On the Separability of Classes with the Cross-Entropy Loss Function (Jan ‘19 - May ‘19)
Guide : Prof. Subhasis Chaudhuri, EE Department, IIT Bombay
- Analysis of the separability of classes attained with the cross-entropy loss function for classification problems by theoretically analyzing the intra-class distance and inter-class distance (i.e. the distance between any two points belonging to the same class and different classes, respectively) in the feature space, i.e. the space of representations learned by neural networks.
- Specifically, considered an arbitrary network architecture having a fully connected final layer with Softmax activation and trained using the cross-entropy loss. Derived expressions for the value and the distribution of the squared L2 norm of the product of a network dependent matrix and a random intra-class and inter-class distance vector (i.e. the vector between any two points belonging to the same class and different classes), respectively, in the learned feature space (or the transformation of the original data) just before Softmax activation, as a function of the cross-entropy loss value.
- Main result of the analysis is the derivation of a lower bound for the probability with which the inter-class distance is more than the intra-class distance in this feature space, as a function of the loss value. As per intuition, the probability with which the inter-class distance is more than the intra-class distance decreases as the loss value increases, i.e. the classes are better separated when the loss value is low.
- First theoretical work trying to explain the separability of classes in the feature space learned by neural networks trained with the cross-entropy loss function. Paper submitted to NeurIPS 2019.
Extremal Eigenvalue Analysis of the Hessian and a Learning Rate Choice for Stochastic Gradient Descent (Jan ‘19 - June ‘19)
Guide : Prof. Subhasis Chaudhuri, EE Department, IIT Bombay
- Analysis of the extremal (maximum and minimum) eigenvalues of the Hessian matrix is of significance, especially for setting the learning rate/step-size in gradient based optimization algorithms and to gain insight about the performance of saddle point escaping algorithms.
- In relation to this, presented a technique to obtain probabilistic bounds for the extremal eigenvalues of the Hessian at a point, as a function of the loss value at that point.
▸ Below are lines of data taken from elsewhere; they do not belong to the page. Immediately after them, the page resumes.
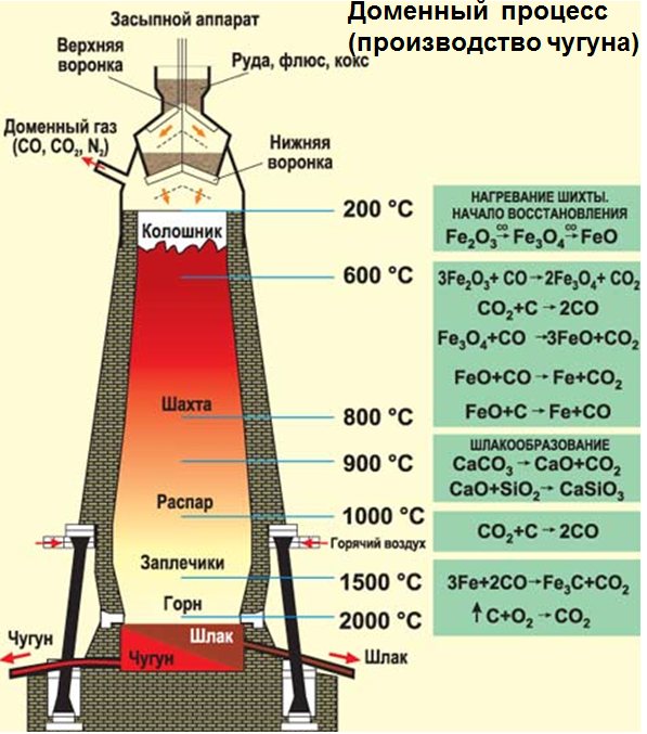 Au fur et à mesure que le fer s'écoule, il entre en contact actif avec le dioxyde de carbone, saturant le métal et lui conférant les propriétés requises. La teneur totale en carbone du fer peut aller de 1,7%.
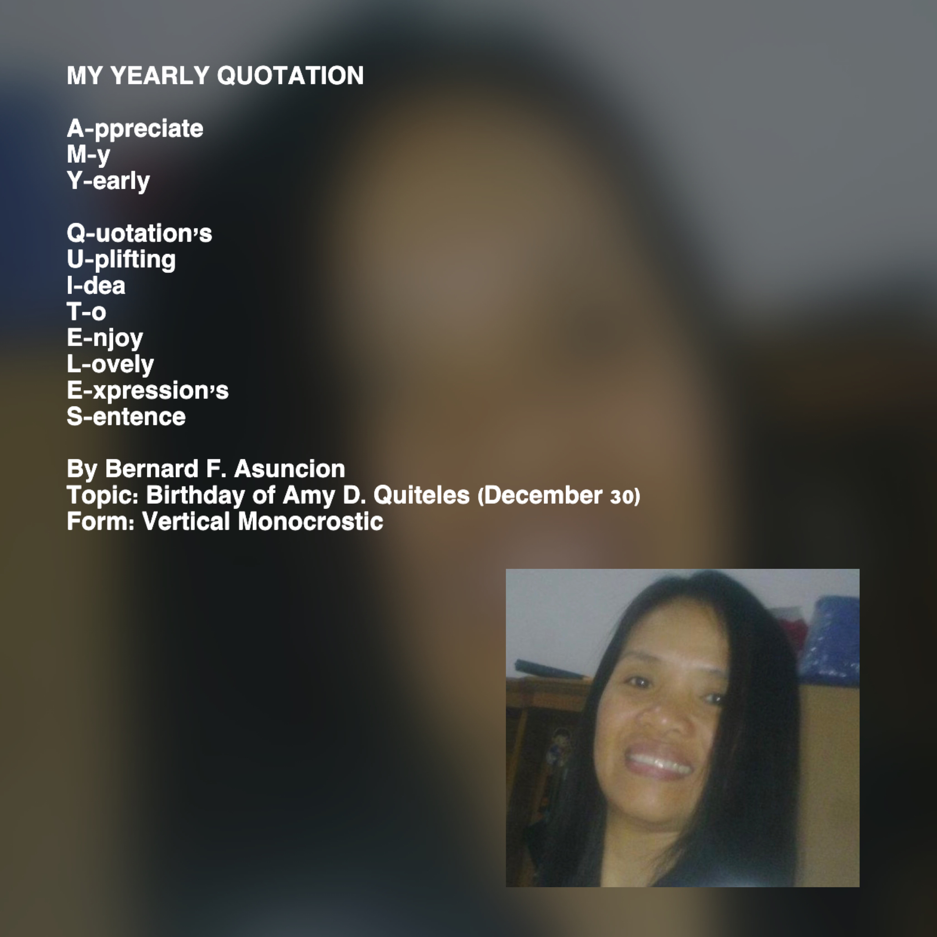 Topic: Birthday of Amy D. Quiteles (December 30)
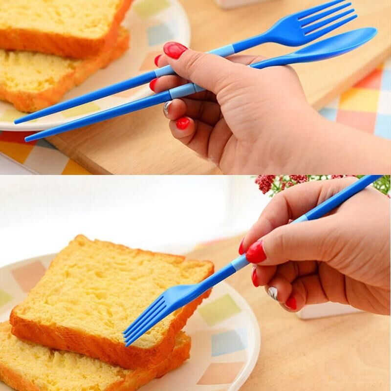 3τμχ / Σετ Μίνι Εξωτερικού Φορητά Ταξιδιωτικά Σετ Ζαχαρένια Χρώματα Διπλούμενου Σετ Δείπνου Μαθητικό Παιδικό Εργαλείο Κουζίνας (Μπλε)
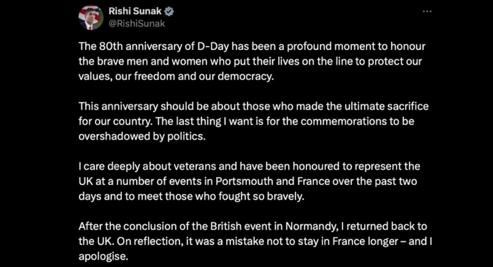 นายซูแน็ก โพสต์ข้อความผ่านทางแอปพลิเคชั่นเอ็กซ์ หรือ ทวิตเตอร์เดิมว่า หลังจากที่เสร็จสิ้นพิธีในส่วนของอังกฤษที่เมืองนอร์มังดี เขาก็เดินทางกลับอังกฤษในทันที แต่จากเสียงสะท้อนของหลาย ๆ ฝ่ายแล้ว ถือว่าเป็นความผิดพลาดที่เขาไม่ได้อยู่ในฝรั่งเศสให้นานกว่านี้ ซึ่งเขาต้องขอโทษด้วย นายซูแน็ก กำลังหาเสียงเลือกตั้งอย่างหนักเพื่อให้ได้เสียงสนับสนุนจากประชาชนก่อนการเลือกตั้งทั่วไปในวันที่ 4 กรกฎาคมนี้ ซึ่งพรรคอนุรักษ์นิยมของเขามีคะแนนนิยมตามหลังพรรคแรงงาน ซึ่งเป็นพรรคฝ่ายค้านอยู่ในขณะนี้
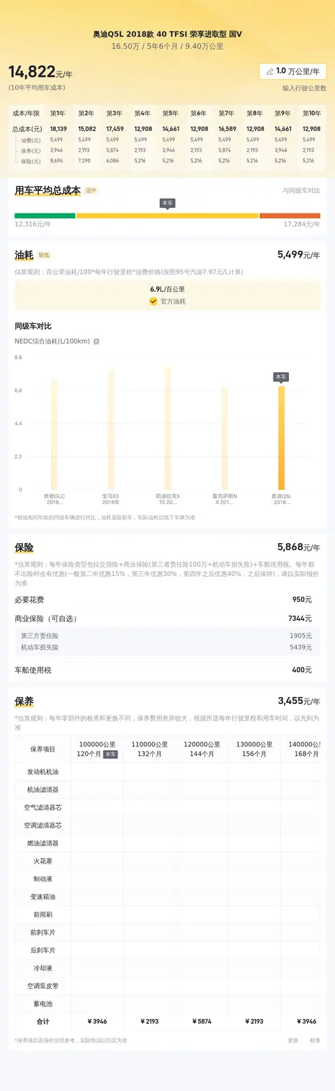 年度用车成本方面,按一年行驶一万公里计算,该型车辆的年度用车成本约14678元(包括保险、保养以及其他费用)。需要注意的是,具体年度用车成本可能会根据用车频率、油价波动、保养质量等因素有所变动。

The technique is based on matrix concentration inequalities and the computations are performed for a single hidden layer neural network with the cross-entropy loss function. In theory, the technique can be extended to more complicated architectures and loss functions, provided the Hessian obeys a certain structure.
- Secondly, proposed a method to automatically set the learning rate in mini-batch stochastic gradient descent, a core part of which, also relies on matrix concentration inequalities. Two schemes have been proposed - one in which the batch size is kept fixed and another one in which the batch size is increased with the number of epochs allowing us to choose much higher learning rates than those in the first scheme, potentially leading to faster training.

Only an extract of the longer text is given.